Proche aussi de Thule, Alfred Rosenberg popularisa définitivement le mythe polaire dans son best-seller Le Mythe du XXe siècle (1930), vendu à plus d’un million d’exemplaires, jouant un rôle à peine inférieur à celui Mein Kempf dans l’idéologie nazie. Il y identifie l’Hyperborée Aryenne à nulle autre que la mythique Atlantide: "Les géologues nous montrent un continent entre l'Amérique du Nord et l'Europe, dont nous pouvons voir les vestiges aujourd'hui au Groenland et en Islande. (...) Tout cela permet à l'ancienne légende de l'Atlantide d'apparaître sous un jour nouveau.
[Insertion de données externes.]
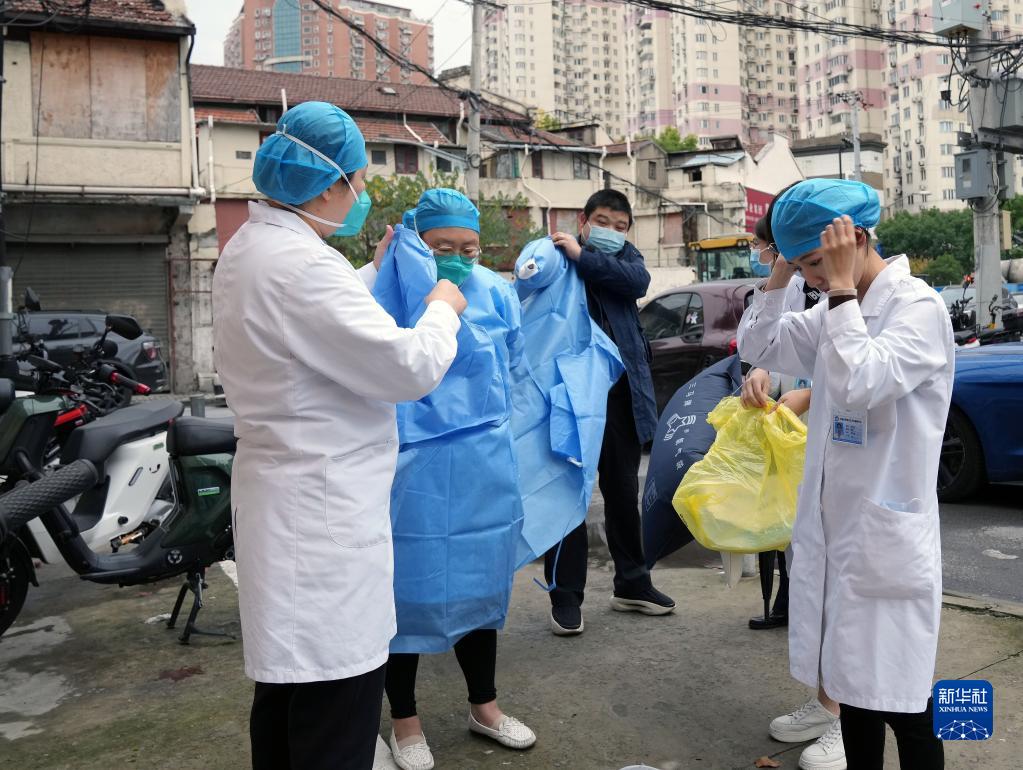 在黃浦區順昌路上,接種小分隊的醫護人員在小區門(mén)口穿戴隔離衣物(12月5日攝)。
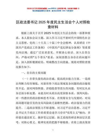 / 区政法委书记2025年度民主生活会个人对照检查材料
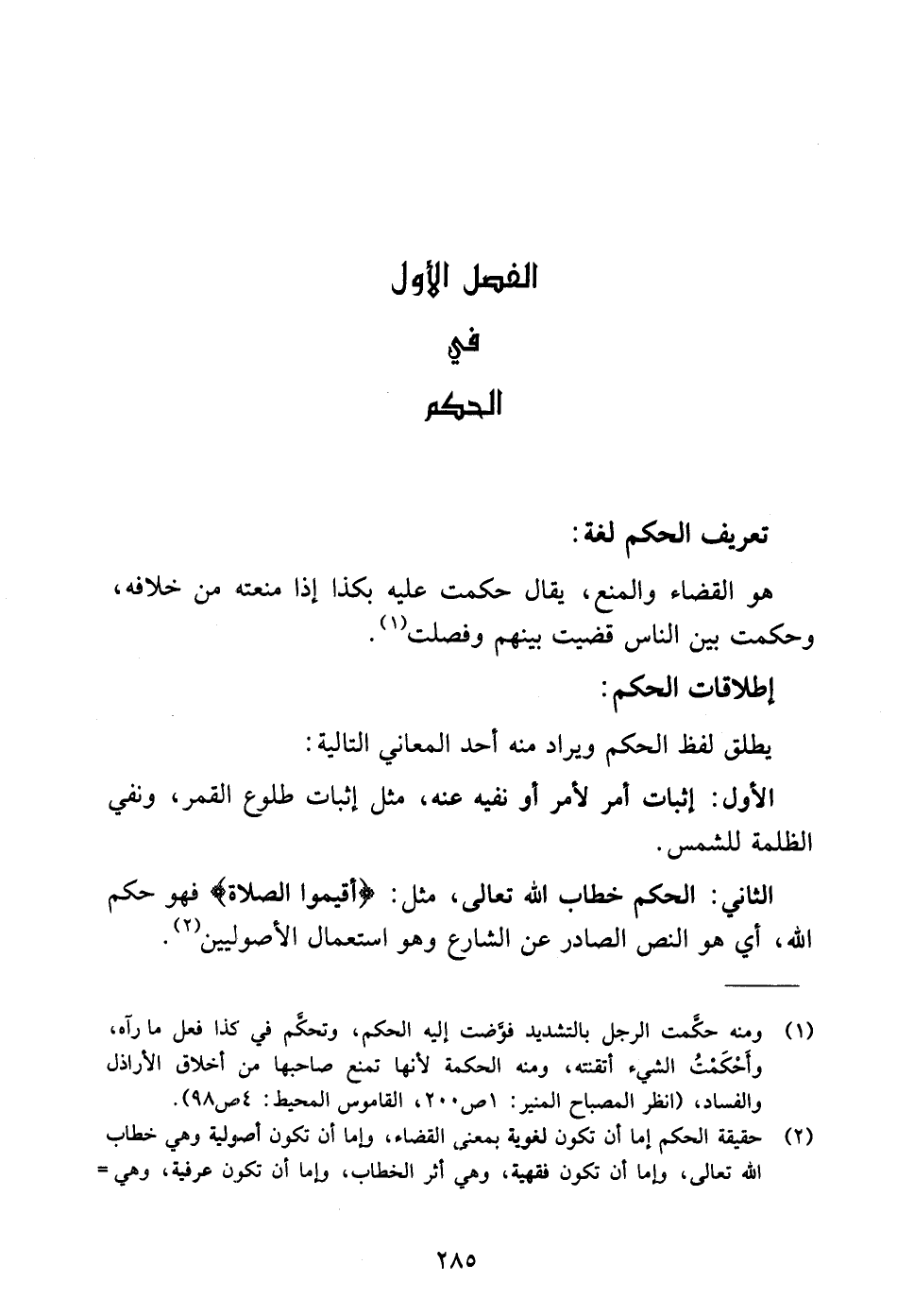 (٢) حقيقة الحكم إما أن تكون لغوية بمعني، القضاء، وإما أن تكون أصولية وهي خطاب اللَّه تعالى، وإما أن تكون فقهية، وهي أثر الخطاب، وإما أن تكون عرفية، وهي =

Il ne semble pas impossible que là où les vagues de l'océan Atlantique s'écrasent aujourd'hui et arrachent des icebergs géants, un continent florissant ait jadis émergé des eaux, sur lequel une race créative a développé une culture puissante et étendue, et envoyé ses enfants dans le monde en tant que marins et guerriers..."15.

L’idéologue ésotériste et réactionnaire Julius Evola résumera cette vulgate des «polaristes» national-socialistes: «une tradition d’origine hyperboréenne se trouve à la base d’actions civilisatrices accomplies par des races qui, durant la période s’étendant entre la fin de l’ère glaciaire et le néolithique, se propagèrent dans le continent euroasiatique (...) Dans toutes les traditions indo-européennes, des souvenirs concordants parlent de la disparition de cette terre, devenue mythique par la suite, en rapport avec une congélation et un déluge. C’est la contrepartie réelle, historique, des diverses allusions à quelque chose qui, à partir d’une certaine époque, aurait été perdu, ou serait devenu  caché ou introuvable. C’est aussi la raison pour laquelle l’Île (...) se confondit souvent avec la "région des morts", les "morts" correspondant à la race disparue» (Le mystère du Graal, I, 7, 193716).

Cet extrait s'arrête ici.